● RECORD EXCERPTS:
◆ ◆ ◆ ◆ ◆
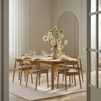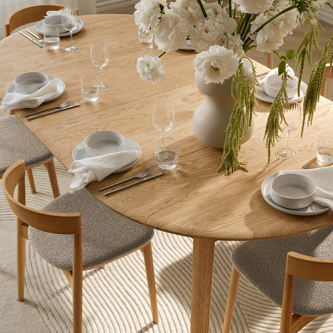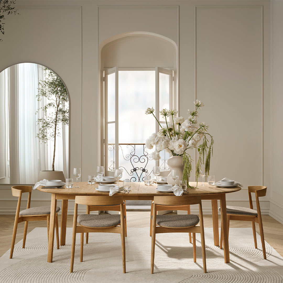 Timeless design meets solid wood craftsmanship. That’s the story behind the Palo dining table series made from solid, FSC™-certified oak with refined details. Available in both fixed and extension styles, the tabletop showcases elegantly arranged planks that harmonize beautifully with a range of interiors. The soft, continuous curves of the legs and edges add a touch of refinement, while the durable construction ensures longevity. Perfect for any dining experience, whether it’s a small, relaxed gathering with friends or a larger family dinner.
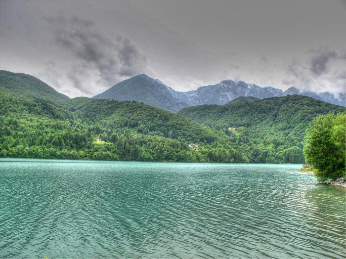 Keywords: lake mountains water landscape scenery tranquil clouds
◆ ◆ ◆ ◆ ◆
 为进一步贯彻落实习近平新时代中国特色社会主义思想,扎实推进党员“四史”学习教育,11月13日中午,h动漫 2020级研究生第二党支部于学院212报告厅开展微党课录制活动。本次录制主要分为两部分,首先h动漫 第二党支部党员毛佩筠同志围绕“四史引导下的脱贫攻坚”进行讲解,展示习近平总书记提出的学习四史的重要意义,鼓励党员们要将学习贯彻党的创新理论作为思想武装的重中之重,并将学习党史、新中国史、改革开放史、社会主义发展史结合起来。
◆ ◆ ◆ ◆ ◆
Give again the lines of the listing above that run from the one with "Timeless design meets" up to and including the one with "Keywords: lake mountains". Keep them exact and omit the pictures.

 Timeless design meets solid wood craftsmanship. That’s the story behind the Palo dining table series made from solid, FSC™-certified oak with refined details. Available in both fixed and extension styles, the tabletop showcases elegantly arranged planks that harmonize beautifully with a range of interiors. The soft, continuous curves of the legs and edges add a touch of refinement, while the durable construction ensures longevity. Perfect for any dining experience, whether it’s a small, relaxed gathering with friends or a larger family dinner.
 Keywords: lake mountains water landscape scenery tranquil clouds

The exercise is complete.